The German FCO’s Facebook Case: Blurring The Line Between Competition And Data Protection Enforcement
By Jakob Kucharczyk, Project DisCo
This week Germany’s Bundeskartellamt, the Federal Cartel Office (FCO), made the news by issuing a decision against Facebook for the alleged abuse of market power “based on the extent of collecting, using and merging data in a user account”. In concrete terms, the FCO takes issue with Facebook merging user data from Facebook-owned properties like WhatsApp and Instagram as well as from third-party websites with a person’s Facebook user account. It ordered Facebook to stop that practice unless users give Facebook their “voluntary consent”. The FCO considers the combining of Facebook data with ‘non-Facebook’ data an exploitative abuse because users have to agree to what FCO President Andreas Mundt refers to as a “practically unrestricted collection” of non-Facebook data if they want to use the service.

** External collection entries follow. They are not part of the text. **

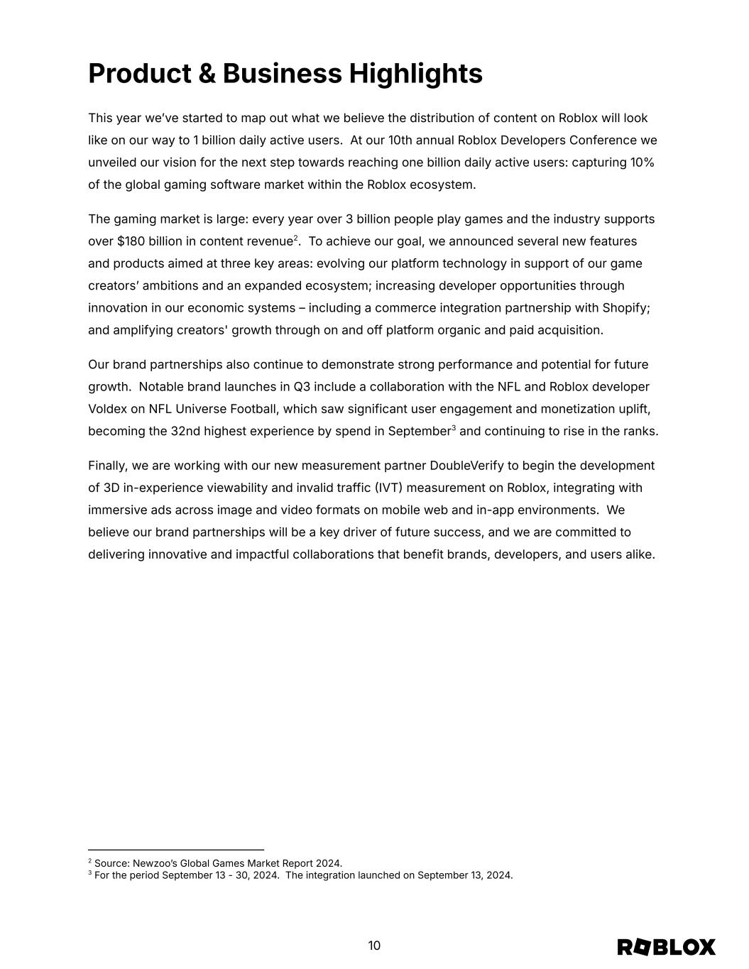 Product & Business Highlights This year weʼve started to map out what we believe the distribution of content on Roblox will look like on our way to 1 billion daily active users. At our 10th annual Roblox Developers Conference we unveiled our vision for the next step towards reaching one billion daily active users: capturing 10% of the global gaming software market within the Roblox ecosystem. The gaming market is large: every year over 3 billion people play games and the industry supports over $180 billion in content revenue2. To achieve our goal, we announced several new features and products aimed at three key areas: evolving our platform technology in support of our game creatorsʼ ambitions and an expanded ecosystem; increasing developer opportunities through innovation in our economic systems – including a commerce integration partnership with Shopify; and amplifying creators' growth through on and off platform organic and paid acquisition. Our brand partnerships also continue to demonstrate strong performance and potential for future growth. Notable brand launches in Q3 include a collaboration with the NFL and Roblox developer Voldex on NFL Universe Football, which saw significant user engagement and monetization uplift, becoming the 32nd highest experience by spend in September3 and continuing to rise in the ranks. Finally, we are working with our new measurement partner DoubleVerify to begin the development of 3D in-experience viewability and invalid traffic IVT measurement on Roblox, integrating with immersive ads across image and video formats on mobile web and in-app environments. We believe our brand partnerships will be a key driver of future success, and we are committed to delivering innovative and impactful collaborations that benefit brands, developers, and users alike. 3 For the period September 13 - 30, 2024. The integration launched on September 13, 2024. 2 Source: Newzooʼs Global Games Market Report 2024. 10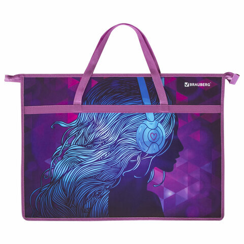 Папка для рисунков и чертежей с ручками BRAUBERG А3, пластик, молния сверху, "Melody", 228201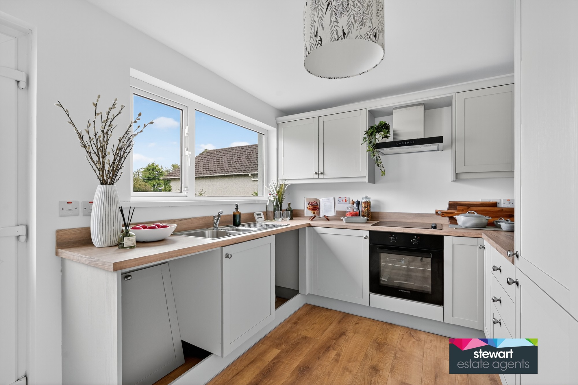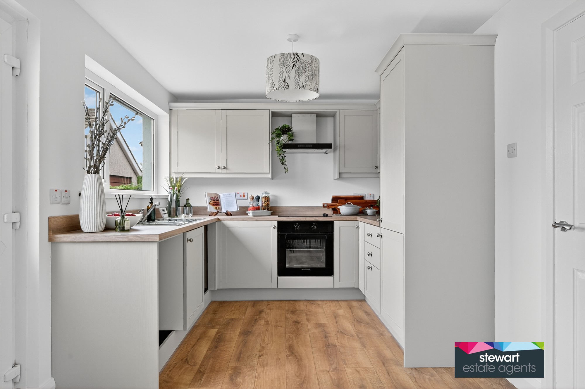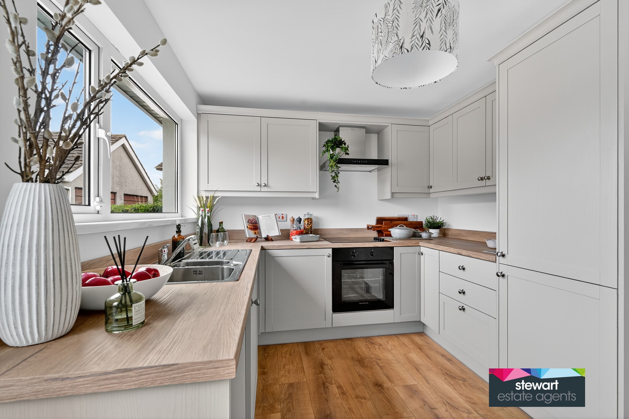 Open plan kitchen with dining room, having a contemporary style cabinetry with ample high and low level units. Space for integrated appliances. Built in oven and inset hob with extractor fan above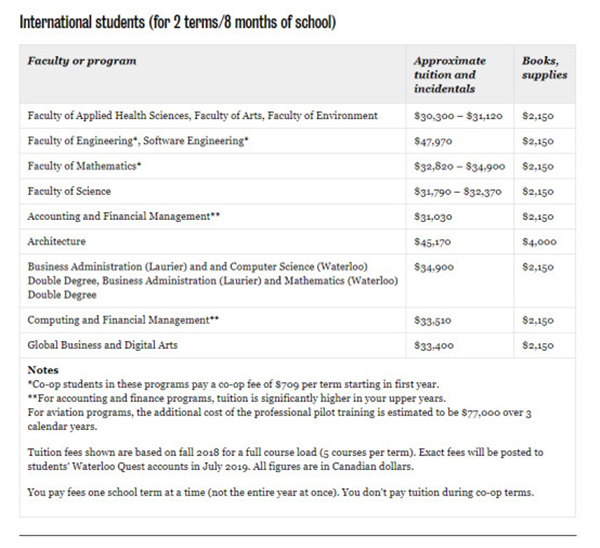 广受理科生喜爱的滑铁卢大学(2019年QS世界排名163),滑铁卢大学因为享誉全球的co-op带薪实习项目吸引着越来越多的学生申请,并且其计算机专业也是实力强劲。可以看到,最热门的工程类、软件类专业学费最贵,达到了47970加币/年,合人民币约25万,而商科专业则便宜很多,为31030加币/年,合人民币约16万。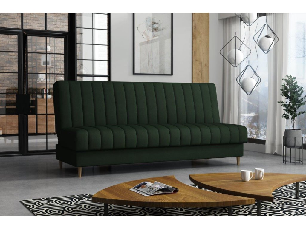 Pohovka Ejmy v sobě spojuje eleganci, funkčnost a příznivou cenu. Je vyrobená v jednoduchém nadčasovém designu, který se hodí do každého inferiéru. Umístit ji můžete nejen do obývacího pokoje, ale také např. do pracovny, nebo hostinského pokoje. Pohovka je rozkládací. Jednoduchým rozložením získáte lůžko k občasnému přespání Vaší návštěvy. Samozřejmostí je i praktický úložný prostor, který můžete využít třeba na lůžkoviny. Pohovku nabízíme v několika barevných provedeních. Vyobrazené doplňky a dekorace nejsou v ceně.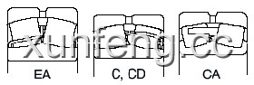 调心滚子轴承,如图所示,有高负荷容量设计的EA型,C型,CD型,CA型。设计上, EA型,C型,CD型 为冲压保持架, CA型为铜合金车制保持架。EA 型轴承具有高负荷容量,低转矩的特长。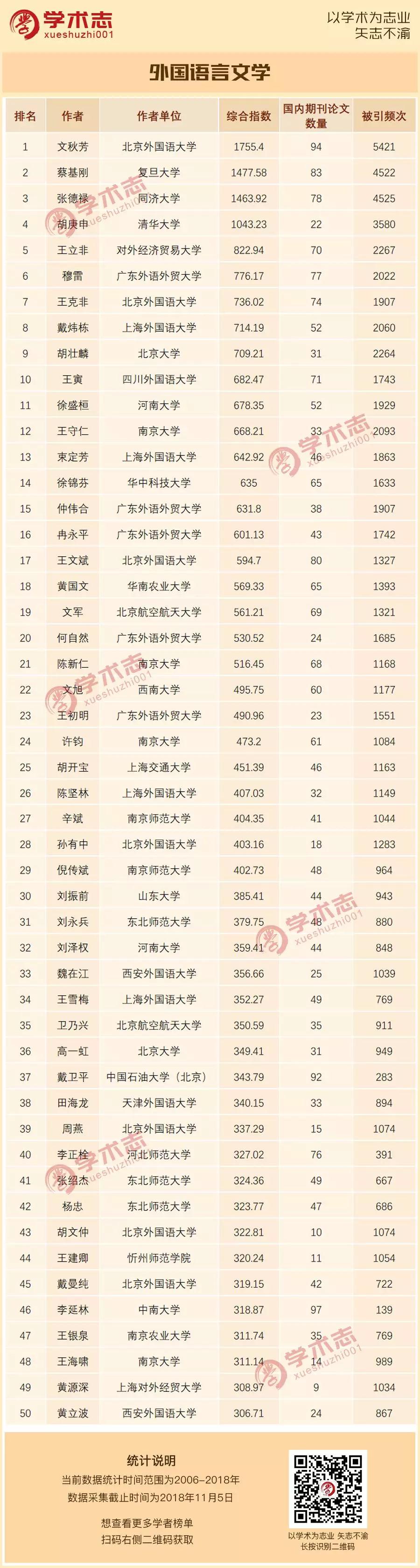 该榜单以教育部2011年《学位授予和人才培养学科目录》与《中国图书馆图书分类法》(第五版)为基础,结合高校院系专业设置,将文献划分为13个学科门类、103个一级学科和359个二级学科,整理了各学科10余年来学者的发文情况,选取哲学、社会学、经济学、艺术学、法学、政治学、民族学、马克思主义理论、教育学、心理学、体育学、中国语言文学、外国语言文学、新闻传播学、考古学、中国史、世界史、工商管理、农林经济、公共管理、图书情报与档案等学科综合指数排名前50名的学者。综合指数是考量了论文数量和被引频次两个指标的综合指标,反映了该学者在本学科的学术影响力与传播力,统计数据来自《中国高校科技成果统计分析数据库》,统计方法和结果具有较高的权威性。
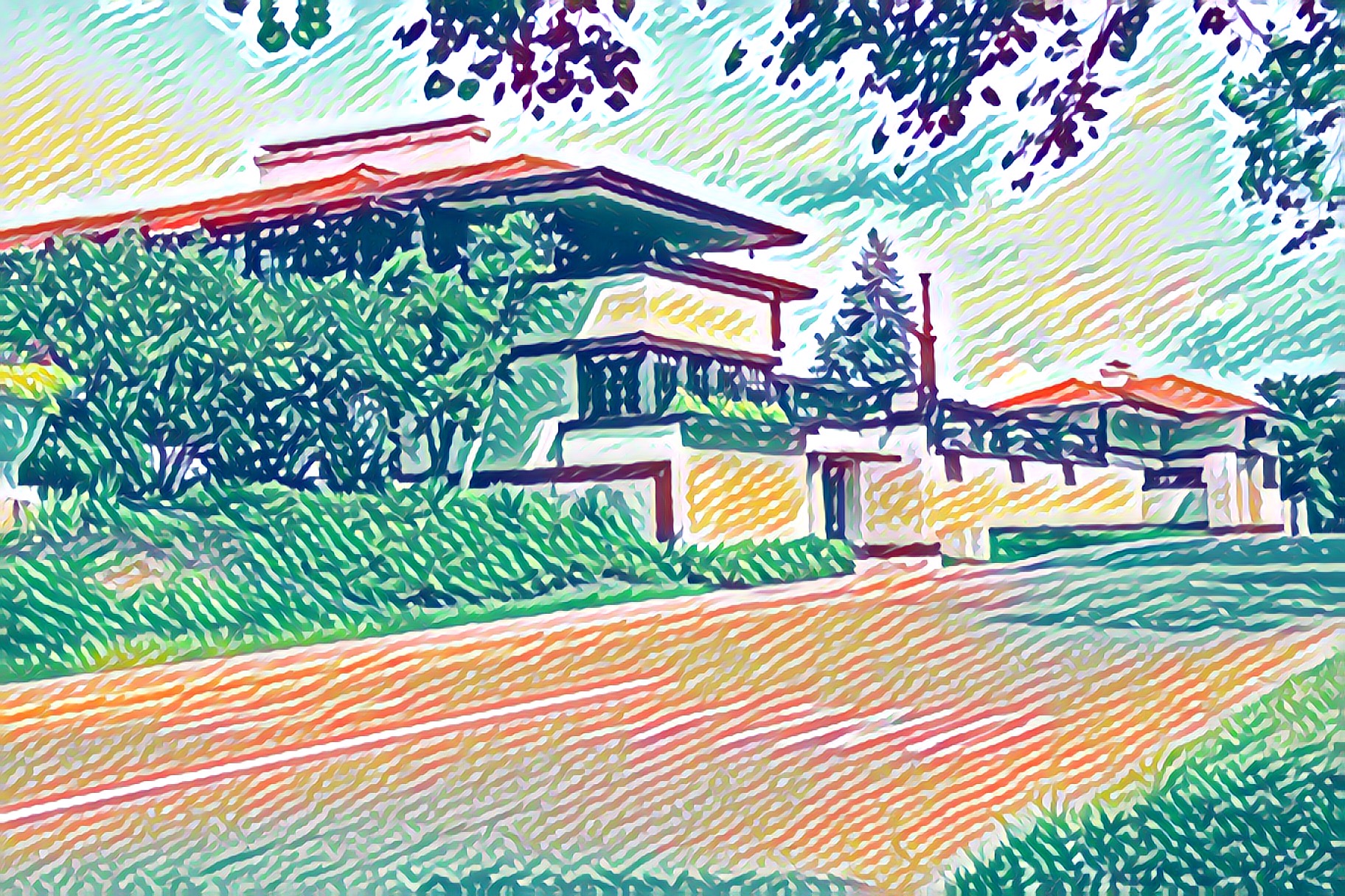 Augmented Realities #2 is based on a photo of the Westcott home designed by Frank Lloyd Wright. It is near Columbus Ohio. It was built in 1908. In the 1940s it was converted to apartments. Finally in 2004 it underwent a complete restoration to take it back to the original design.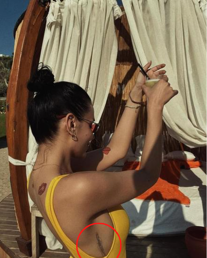 Në fotot e publikuara vihet se Bora ka një tatuazh abstrakt anash gjoksit.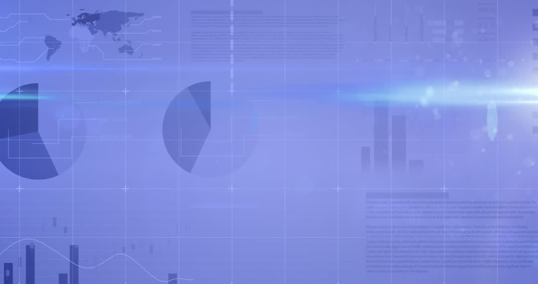 Abstract animation depicts data processing with light spots over a blue background. Featuring global elements like maps, charts, and graphs, it evokes themes of business and technology. Useful as a backdrop for presentations, technology ads, or financial blogs to convey innovation and progress.
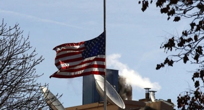 ABD'nin Ankara Büyükelçiliği girişinde üzerindeki bombayı patlatan saldırgan ile bir güvenlik görevlisinin öldüğü saldırı sonrası büyükelçiliğin önündeki ve bahçesindeki ABD bayrakları yarıya indirildi.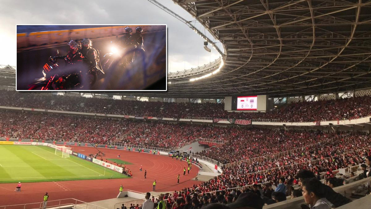 | Lực lượng cảnh sát hộ tống xe chở ĐT Thái Lan rời sân Bung Karno |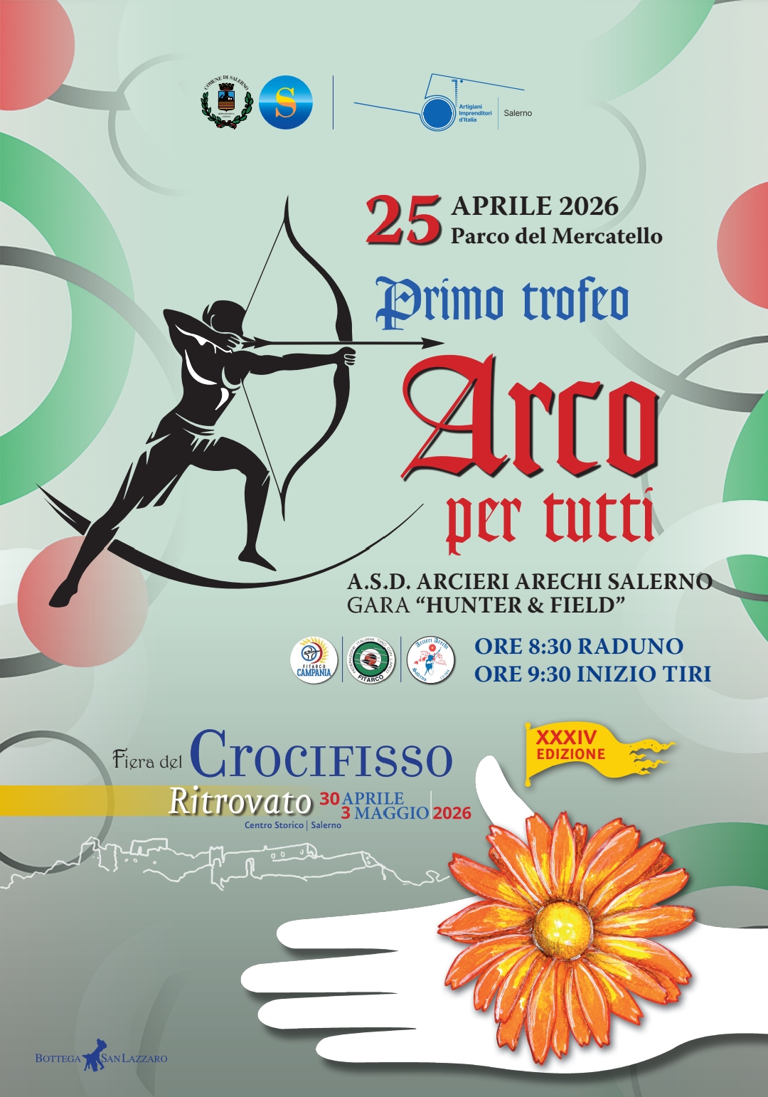 La XXXIV Fiera del Crocifisso Ritrovato, che si svolgerà nelle strade, nei vicoli e nelle piazze del Centro storico di Salerno da giovedì 30 aprile a domenica 3 maggio 2026, avrà un’anteprima il 25 aprile al Parco Mercatello di Salerno con il primo torneo nazionale del Crocifisso “Arco per tutti”.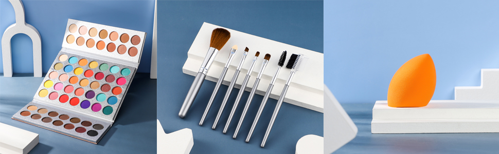✦ Good gift idea come with brushes and blender: You get a makeup palette, 7pcs makeup brushes set plus an orange egg shade squeeze/sponge.
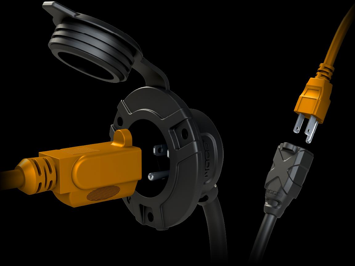 The GCP1E is an AC Port Plug with an integrated extension cable (6-feet) that offers optimal flexibility and ease of installation. It can mount to the exterior of any vehicle to make the charging port more accessible. Equipped with heavy duty 14 AWG wire to supply power to your device, GCP1E is rated at 15 amperes and 125 volts for peak performance.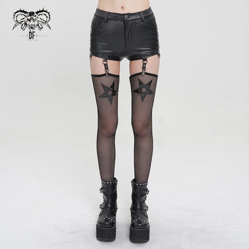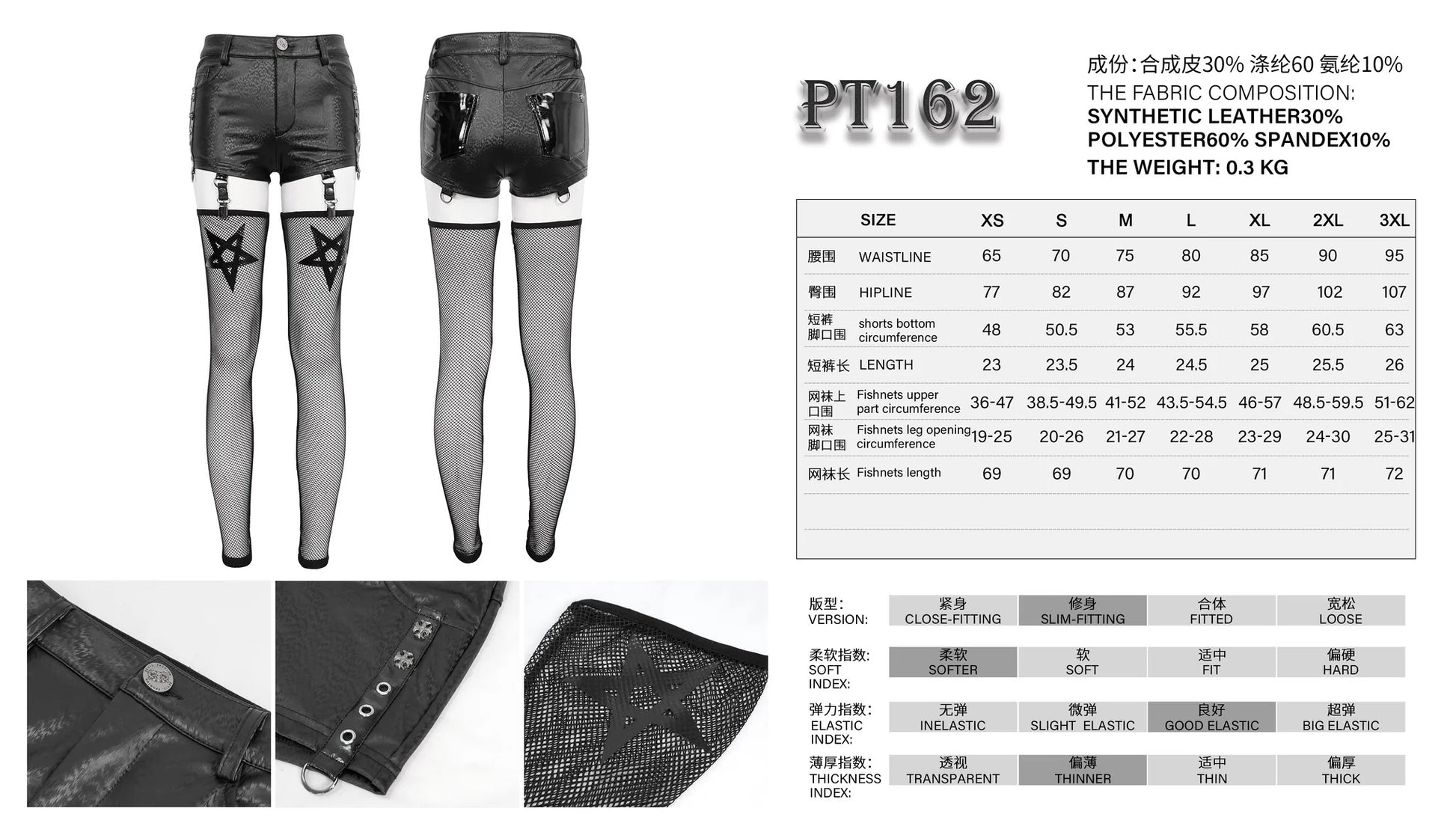 A pentagram stockings punk pants. It features stockings with pentagram star that can be detached from the piece with the help of clips on the hemline. The shorts are stretchable. Product specifications: Style: PunkMaterial: Synthetic Leather 30%, Polyester 60%, Spandex 10%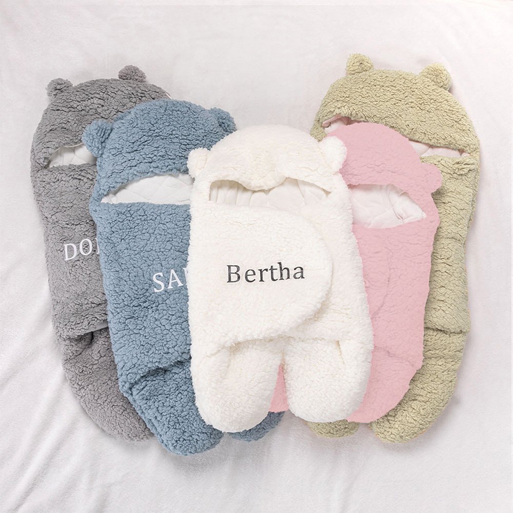 This swaddle blanket features an endearing cute bear design that will make your baby look even more adorable. The custom name adds a special and meaningful touch, turning a practical item into a cherished keepsake.

This case is set to raise many questions in the competition community but certainly the most striking aspect of the decision is that it is entirely based on an alleged infringement of European data protection rules enshrined in the General Data Protection Regulation (GDPR). The FCO states that Facebook’s “terms of service and the manner and extent to which it collects and uses data are in violation of the European data protection rules”. It is remarkable for a competition authority to determine whether there was a breach of data protection rules given that there are specialized agencies tasked with making precisely that call. Making that call in the context of a competition investigation is equal to saying that because a company is dominant it is more likely to use its market power to impose terms and conditions on its users that are in breach of data protection rules.